For the helms, the very same shining silver color that was used before the washes did the job.
Conclusions
See? We made it through. That was not that scary!
The figures are now ready to be removed from the supports (there are only two, you can literally remove them with your fingers), and glued on a base. Since they are VERY light they can be easily placed on any support, including custom bases of sorts.
Since I wanted to show the difference in scale, here they are, temporarly glued on the base on another figure I had on my workbench (a rather excellent Red Box Games medieval warrior) and they can show off all their tiny awesomeness!
Stay tuned for more, and if this article made you less wary about small scales, do take a look at the medieval bundle!
Cheers,
The Lazy Forger
I’m truying to print in a smaller scale aswell, but I’m having difficulties finding the right settings to print. I was hoping to find some specifics here, but allas.

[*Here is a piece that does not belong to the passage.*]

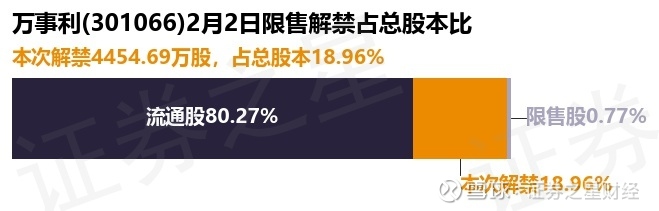 证券之星消息,根据市场公开信息整理,万事利(301066)于2月2日将有4454.69万股限售股份解禁,为公司定向增发机构配售股份,占公司总股本18.96%。(本次数据根据历史公告整理得出,实际情况以上市公司最新公告为准)本次解禁后,公司还有180.64万股限售股份,占总股本0.77%。具体如下图所示:

can you tell me which settings you use so I have a guideline?
Hi there! I’m afraid settings are VERY dependent on the printer, in general I found that the correct settings fro 28mm scale miniatures work just as well for 6mm. Which files are you trying to print? If they’re properly supported for the scale it should all be easier.
My settings, btw: Anycubic Photon S, with Anycubic Grey resin, 0.025mm layers at 5.3 seconds of exposure.